Hah, I volunteer for an amateur football (soccer) team! It's the most lonely I've ever been. Other than playing and reading opposition scores we have nothing in common. The people there didn't learn my surname until about 5 months in! Away games (road games?) aren't so bad because I'm getting out of town for a bit, but God the home games are brutal.

I find friendships based on mutual values and deep emotions nicer than shared interests. I prefer the online friends I used to have opposed to the acquaintances I have irl right now. Must be the INFP Four Enneagram in me speaking.
 
dragonofenvy

dragonofenvy

Mage
Oct 8, 2023
562
@dragonofenvy I was saying in big cities, meetups tend to involve all people of different age and different activities. So the meetups in my city help overcome the problem you are talking about cause they are organized around people showing to do a specific activity, such as play soccer or play tennis or basketball or run or hike, and then because you don't have to be very social to show up to do an activity, slowly you start to warm up to people as you continue to show up every week and before you know you are comfortable talking to them. But the first meetup you don't have to say much, you show up and just focus on doing activity whether that's playing soccer or basketball or whatever and then relationships develop slowly as you keep showing up every week.
It's never been like that for me when I've done activities. I show up to them but am invisible and don't try to make myself visible from fear. I think a lot of people are like this, especially here. I've seen posts of people being petrified of interacting with people at their jobs, co-workers they presumably know so I have doubts they'd be able to get out and do something on meetup. In the examples you cite sports a lot, and I am not a sporty person (I sucked at every single one in high school). A big problem I think I and a lot of people have is that we're also not interested in anything or don't know what we're interested in. I guess being sad does that to you.

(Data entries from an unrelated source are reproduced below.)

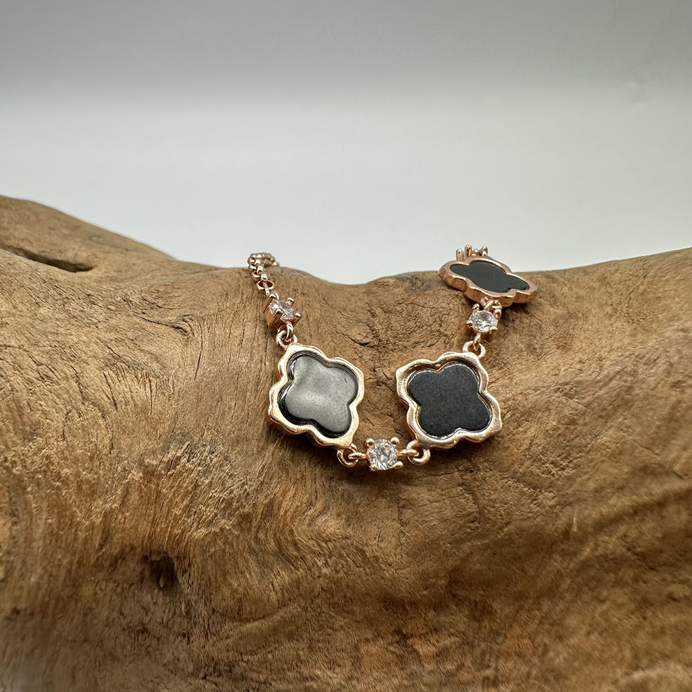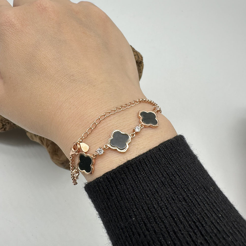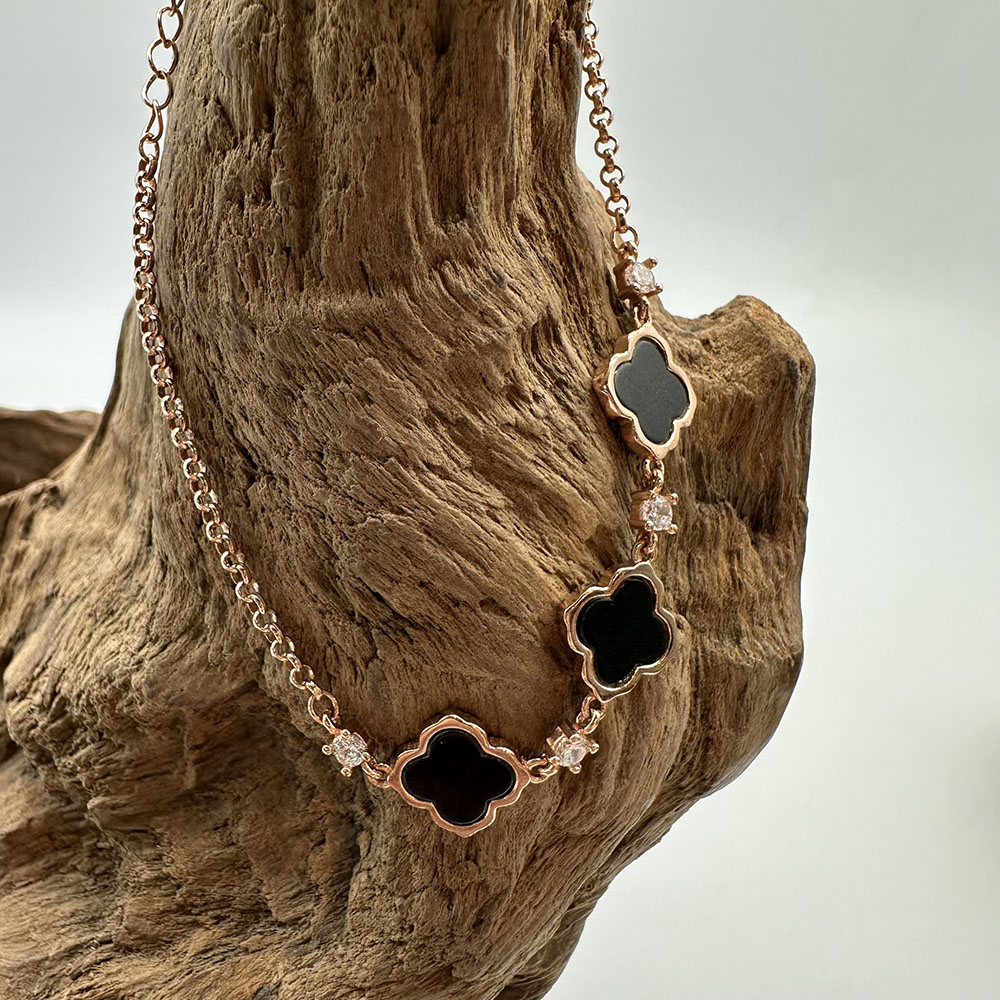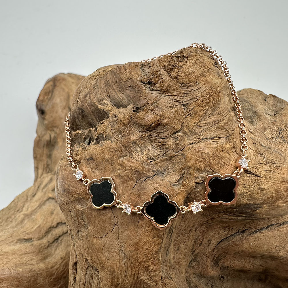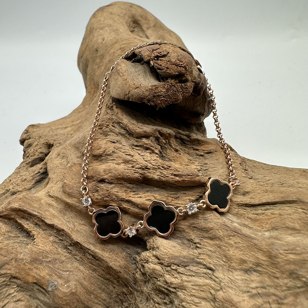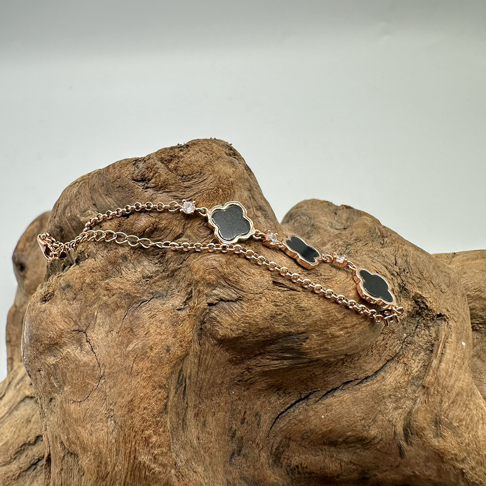 【肌容雪】天然緬甸A貨翡翠墨綠四葉草手鍊 編號455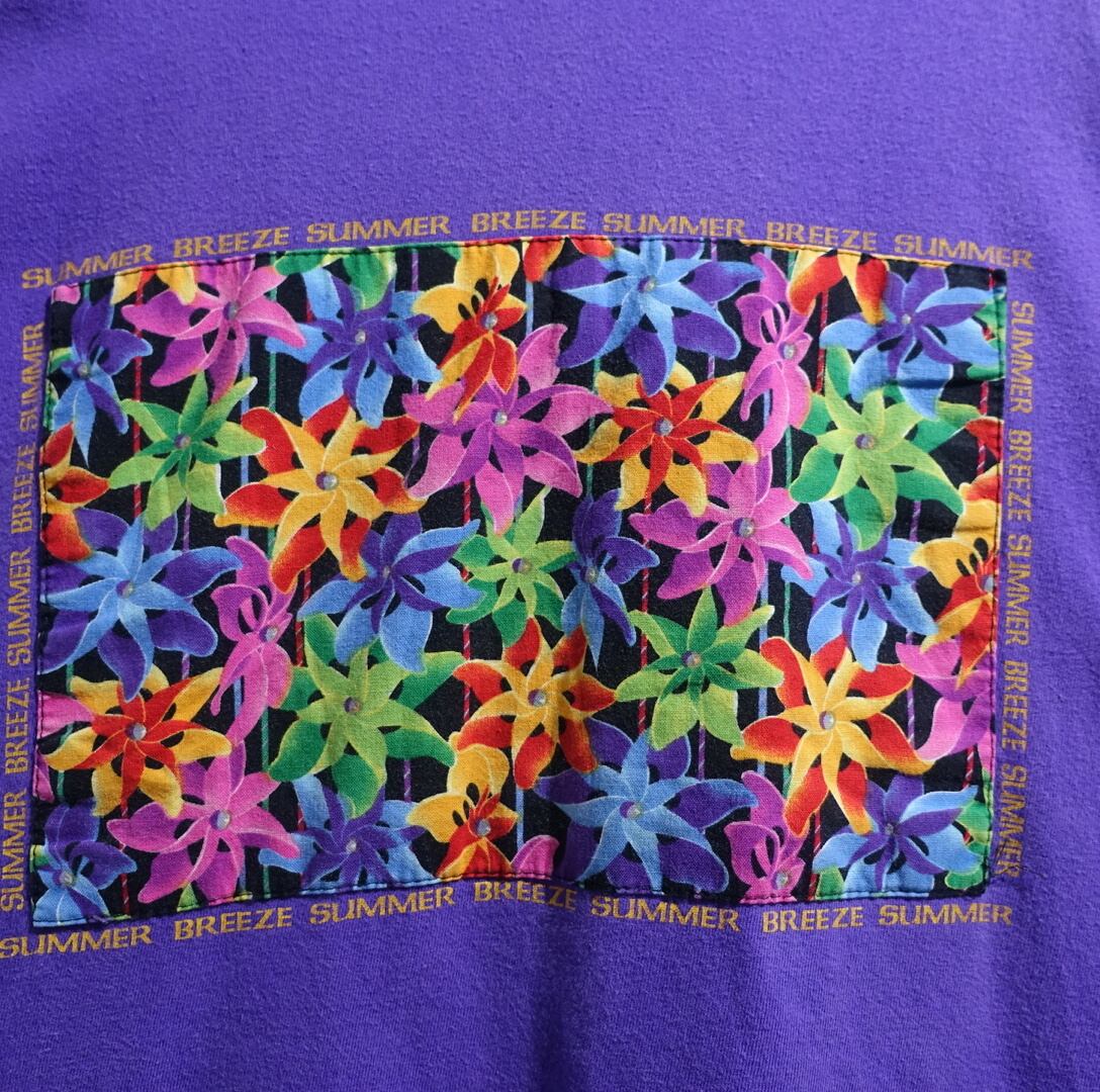 90s “Hanes” Purple Flower Alternative Fabric Design T-Shirt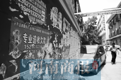 在鄭州的大街上,經(jīng)常會看到各種關(guān)于討債、調(diào)查的小廣告。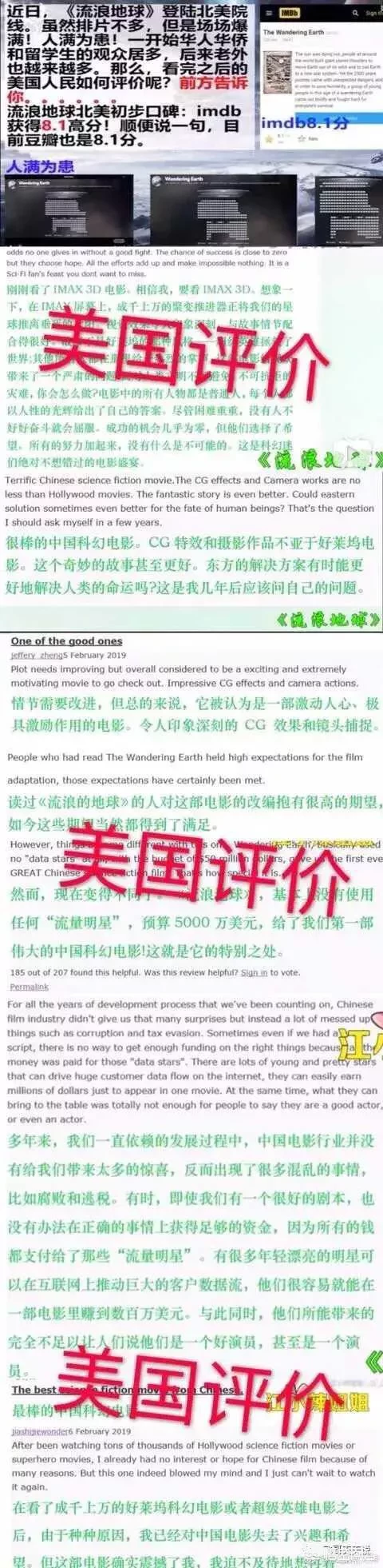 其实流浪地球在北美电影院,日本,韩国等地方上映后,得到了不少国外网友的评论,先看一下北美对的网友对《流浪地球》的评价吧!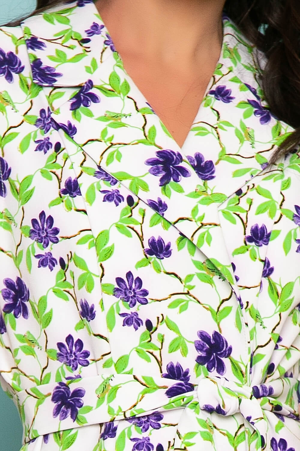 Жилет без рукавов с летним принтом. Модель прилегающего фасона, на запахе, завязывается на пояс. Отложной английский воротник, формирует V-образный вырез, который визуально корректирует фигуру. Изделие без подкладки.
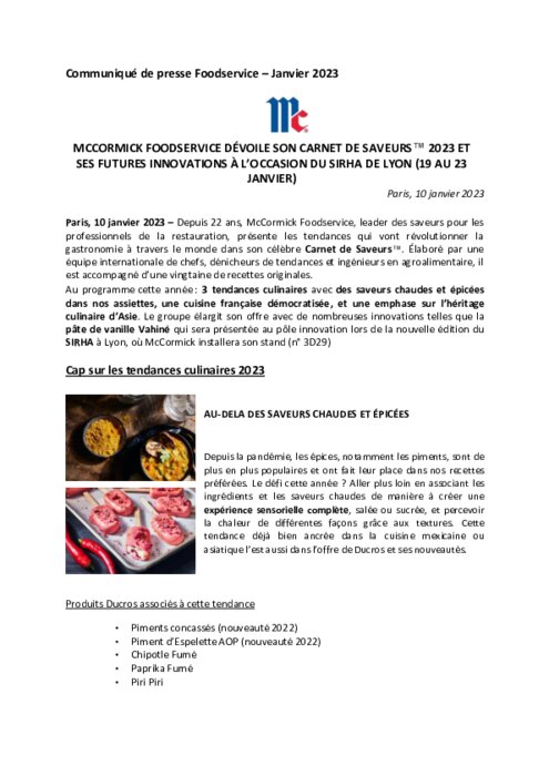 Fournisseurs 10 janvier 2023 - 14:13 Comme chaque année, McCormick Foodservice, leader des saveurs pour les professionnels de la restauration, présente les tendances culinaires qui révolutionneront la gastronomie à travers le monde dans son fameux Carnet de Saveurs. PDF (388 Ko) Télécharger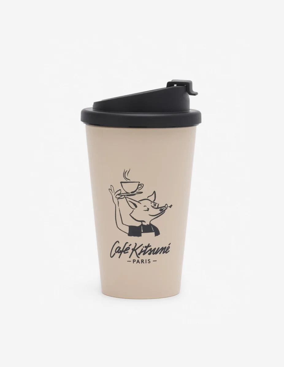 DETAILS Transportable tumbler with Barista Fox print. - Transportable tumbler - Contrasted removable protective lid - Spout - Contrasted Barista Fox print on the front - Capacity: 35 cL - Cafe Kitsune collection CKLU08102O0017-P709 SIZE & CUT Sizing: UNISEX MATERIAL Body: 100% POLYPROPYLENE, Lid: 80% POLYPROPYLENE, 20% THERMOPLASTIC ELASTOMER TRACEABILITY Made in Germany
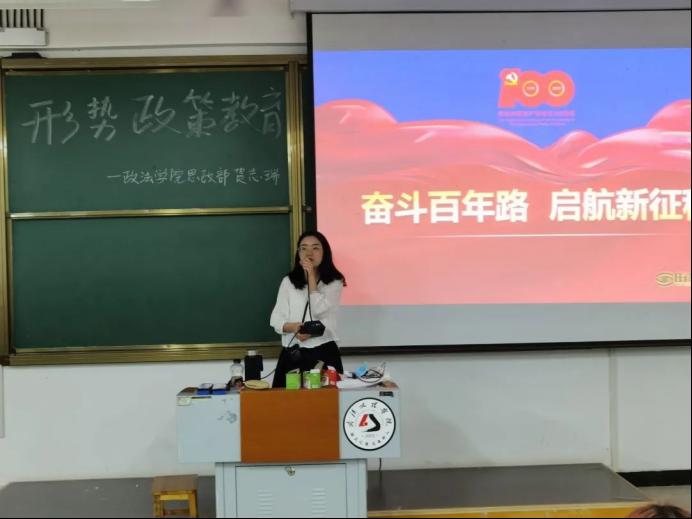 贺志瑞老师为我们讲授了以“形势政策教育”为主题的党课,主要围绕国家社会目前的建设发展情况,进一步加强对我们的形势教育。使我们坚定信念,关注国家大事,为人民服务的决心。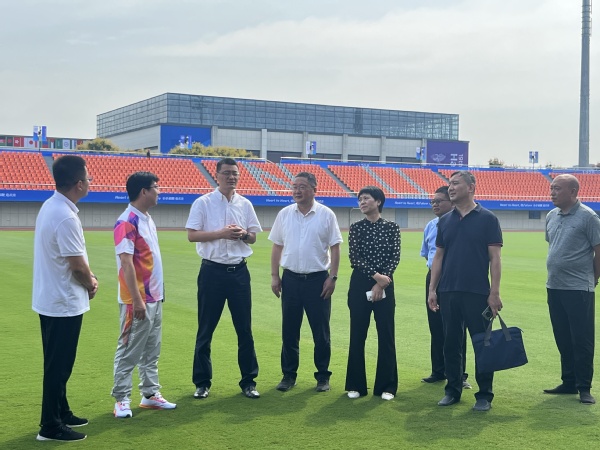 浙江省纪委副书记蔡旭昶一行实地调研浙师大东体育场。浙师大融媒体中心 王梦繁 摄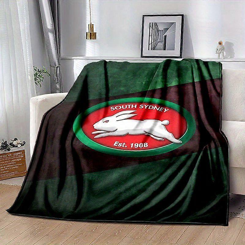 South Sydney Rabbits Rugby Theme Blanket Soft & Cozy Polyester Knit Green & Brown with White Rabbit Logo

I think your advice is going to work well for the people who are able to be brave enough to put themselves out there and go to social events. But someone like me? I've been to a person's house three times when I was 18. Those were the first times I had ever done anything social outside of just talk to other students in school ever. I had never been invited to someone's house or to go do something outside of school at any point in my life until I was halfway done with my final year of high school. And I only did a few other things after that in that same year and haven't done anything else since then, which was 5 years ago. I can count the amount of times I went out on both hands. There are people here that don't even have that much. I don't know what can be done for people like them, us, aside from finding a discord group they like and lurking in a voice call. Hell, even that's hard.

Basically what I'm trying to say is if you don't have the experience in the first place then getting the first experience feels impossible, and it's the most terrifying thing in the world. I don't know what can be done about it. People know that the answer is to just go to something to fix their loneliness, but they don't know how and are too terrified to try. I know I am too scared to try again.